Novartis Investments a de son côté a reconnu quatre paiements de 99 980 dollars chacun à Essential Consultants, en vertu d'un contrat conclu en février 2017.

«À la suite du changement de gouvernement, Novartis a considéré que Michael Cohen était susceptible de conseiller la société sur la façon dont le gouvernement Trump aborderait certains aspects de la politique de santé», a expliqué le groupe.

Novartis a précisé s'être ensuite rendu compte que M. Cohen ne pouvait répondre à cette demande.

M. Avenatti accuse l'avocat personnel de Trump d'avoir «monétisé l'accès au président des États-Unis».

«Vous avez une personne proche d'un homme politique, en l'espèce le président des États-Unis, ce qui est très rare, qui vend une mise en contact potentielle», a estimé M. Avenatti sur CNN.
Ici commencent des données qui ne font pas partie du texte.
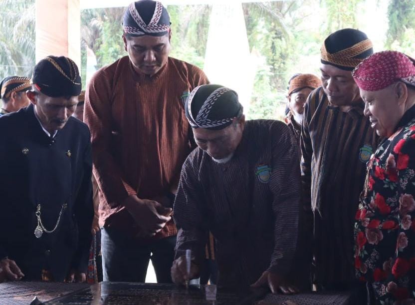 Selain ditandai dengan pengguntingan pinta, acara pemanfaatan Pendopo Sasono Langen Mulyo itu, juga dilakukan penandatanganan prasasti oleh Bupati Merangin Mashuri.
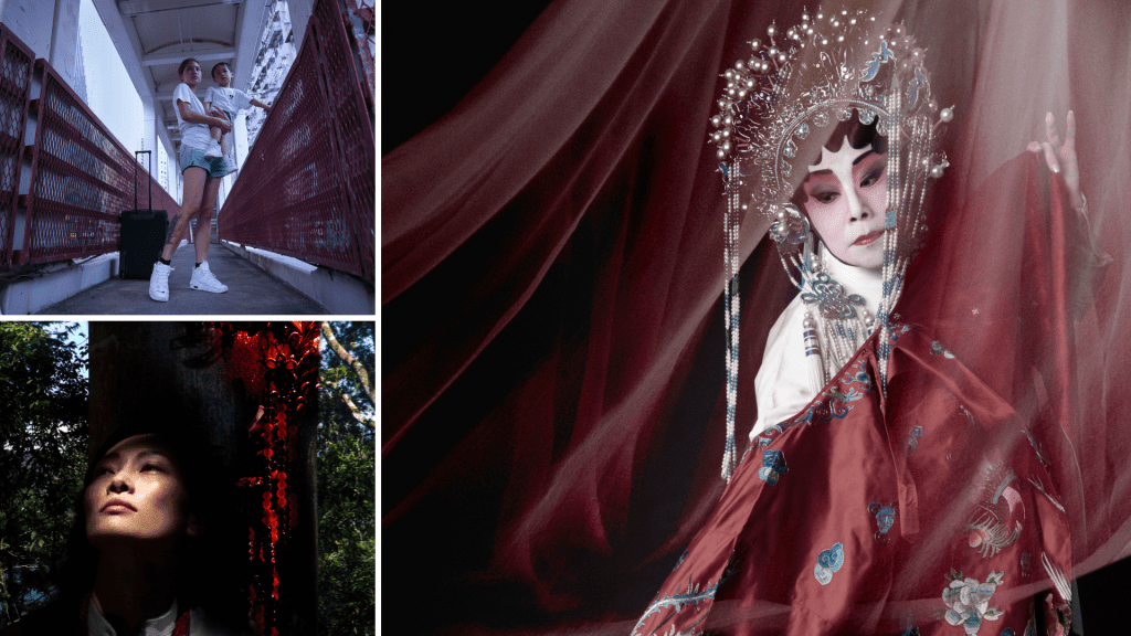 唐涤生笔下的长平公主,历尽国破家亡的悲剧人生,生命每个阶段都充满挑战,然而其外刚内柔、遇难而不屈的性格特质,却非常突出,对照于现时疫下的香港,或香港人,似乎容易产生共鸣。「对我来讲,不论是任白或长平公主,她们都很美,那种美,不单是外表,是渗进骨子灵魂内。她们都很有想法,这特质在不少港妈身上都找到,所以我选取了一位妈妈,作为我的长平公主。」是次参展人之一、摄影师卢玉莹的作品《我2022年的「长平公主」》,将长平公主想像为一位港妈,平时是「港女」,骨子里却极硬净,遇事时总能一力担当,抱着小孩拉着行李喼,无畏凝视困难重重的前方。向以拍摄纪实照为主的卢玉莹,作品内还对现今香港社会提出了多个问题,希望让大众思考。

«Je ne crois pas que (M. Cohen) soit déclaré, comme il devrait l'être, en tant que représentant d'agents ou d'intérêts étrangers. C'est grave», a poursuivi l'avocat.

Au final, M. Cohen, surnommé le «pitbull» de la tour Trump, se retrouve donc plongé au coeur d'un chaudron où mijote un sacré ragoût, composé d'infidélité conjugale présumée, de versements louches et de lobbying politique frisant apparemment la corruption.

Il semble plus que jamais sur la sellette. Certains prédisent son proche «retournement», c'est-à-dire sa coopération dans l'enquête russe en échange d'une indulgence du procureur.

Samedi soir, l'émission satirique «Saturday Night Live» a montré un Michael Cohen aux abois, interprété par le comédien Ben Stiller. On le voit appeler le président Trump sur une ligne écoutée par le FBI.

«Comment tiens-tu le coup en prison ?», lui demande le faux président, joué par Alec Baldwin. «Je ne suis pas en prison», répond l'avocat. «Bah, c'est l'affaire de deux semaines», rétorque M. Trump.